July 18th, 2007 at 7:07 pm
Murphy: the caveat to your post located within comment no. 38 concerns that it is not individuals who don’t carry health insurance because if you have assets then the hospital and or the creditor would be able to go after that individual. It is the individual who does not have assets or hides his or her assets and that does not have health insurance. The free loaders are those who do not have jobs and or have illegal jobs, hide their assets and have no health insurance.
July 18th, 2007 at 7:14 pm
Tom,
When I speak of free loaders, I speak of people who could afford health insurance but choose not to buy it, springing for that nice plasma TV instead.
I don’t understand most of what you’re trying to say in #35, but over the course of this conversation I’ve gotten the feeling that you like Rudy’s plan because you like Rudy. Your criticisms are generally marginal, and the parts of Rudy’s plan which you named simply sound like a copycat version he stole from Mitt! Incredible!
July 18th, 2007 at 7:29 pm
Murphy: You should submit that question for the next Presidential debate. The plans differ are similar but differ because of but not limited to the employer issue. All in all, I believe both Rudy and Mitt are excellent candidates when it comes to economic issues.
July 18th, 2007 at 8:55 pm
Any analogy between Rudy and Nixon is a narrow one, as Gary rightly recognized but as Gerson, not surprisingly, did not. Nixon and Giuliani cannot be analogized as occupying the same space in history; the former made his runs for the presidency first as a sitting veep and then as the nominee of the non-incumbent party, the latter is making his run as the former mayor of America’s largest city and is running for the incumbent party nod. Nixon and Rudy cannot be analogized economically; the former was a Keynesian, the latter is a Forbesian (heh). The sole analogy as far as Rudy and Nixon are concerned is the one that Gary identified: Rudy, like Nixon, is running as a friend to religious conservatives without actually being a religious conservative.
I’m not really sure why this would be a problem. The very fact that it’s being mentioned reminds me of a domestic squabble, where one spouse tells the other, “I don’t want you to to the laundry. I want you to WANT to do the laundry!” Here, religious conservatives don’t want Rudy to overturn Roe. They want him to WANT to overturn Roe. The whole thing seems a bit silly. As long as Roe gets overturned, what difference does it make how we got there?
Any religious conservatives who think that agreement over theology means agreement over politics need only look at one James Earl Carter to be quickly disabused of that notion.
July 18th, 2007 at 9:58 pm
DaveG: As long as Roe gets overturned, what difference does it make how we got there?
What makes you think Rudy would give us the overturning of Roe? As far as he’s concerned, Roe is good constitutional law and the government is required to subsidize abortions. And that’s what he calls “strict constructionism”. So when he promises to appoint strict constructionist judges, he no doubt believes that such judges could potentially think that Roe is good law and requires subsidization too.

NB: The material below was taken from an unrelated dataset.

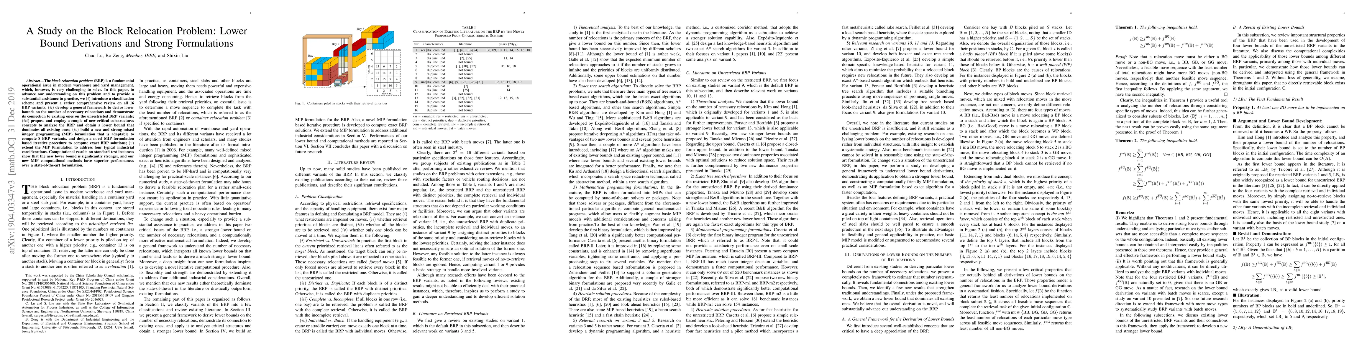 The block relocation problem (BRP) is a fundamental operational issue in modern warehouse and yard management, which, however, is very challenging to solve. In this paper, to advance our understanding on this problem and to provide a substantial assistance to practice, we (i) introduce a classification scheme and present a rather comprehensive review on all 16 BRP variants; (ii) develop a general framework to derive lower bounds on the number of necessary relocations and demonstrate its connection to existing lower bounds of the unrestricted BRP variants; (iii) propose and employ a couple of new critical substructures concepts to analyze the BRP and obtain a lower bound that dominates all existing ones; (iv) build a new and strong mixed integer programming (MIP) formulation that is adaptable to compute 8 BRP variants, and design a novel MIP-formulation-based iterative procedure to compute exact BRP solutions; (v) extend the MIP formulation to address four typical industrial considerations. Computational results on standard test instances show that the new lower bound is significantly stronger, and our new MIP computational methods have superior performances over a state-of-the-art formulation.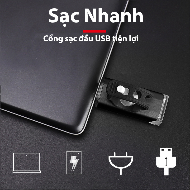THIẾT KẾ SẢN PHẨM ĐÈN XE ĐẠP: - Không thấm nước, bảo vệ khỏi mưa gió, sương mù. - Sạc nhanh USB, sạc tiện lợi, tự động tắt, tránh mưa bụi xâm nhập. -

Then, of course, there are all the non-Roe related abortion issues. Such as innevitable legislative efforts at restricting or expanding abortion rights, and vision casting of the pro-life or pro-choice movement.

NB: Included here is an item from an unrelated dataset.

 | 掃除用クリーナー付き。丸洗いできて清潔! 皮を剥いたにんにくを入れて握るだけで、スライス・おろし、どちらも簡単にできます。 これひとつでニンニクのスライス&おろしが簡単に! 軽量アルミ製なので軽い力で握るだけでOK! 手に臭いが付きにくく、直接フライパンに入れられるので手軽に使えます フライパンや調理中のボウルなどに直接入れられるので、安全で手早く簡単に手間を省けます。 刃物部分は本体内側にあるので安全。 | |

So it’s really not as cute an issue as wanting Rudy to want to do the laundry.
July 19th, 2007 at 7:00 am
DaveG,
Your laundry/Roe example is, quite simply, brilliant.
July 19th, 2007 at 8:54 am
#38 by DaveG: excellent points. the one about not just wanting Rudy to facilitate the overturning of Roe, but wanting him to WANT to facilitiate the overturning of Roe is accurate I believe. But, back to the Nixon analogy. The succinct point is that Nixon’s governing policies were opposite those on which he campaigned in ‘68. Rudy’s governing policies as Mayor were exactly those on which he campaigned. This is the key metric of
comparison (not the theological issue on which Gerson focuses) and here Rudy does not equate to Nixon but rather is the opposite.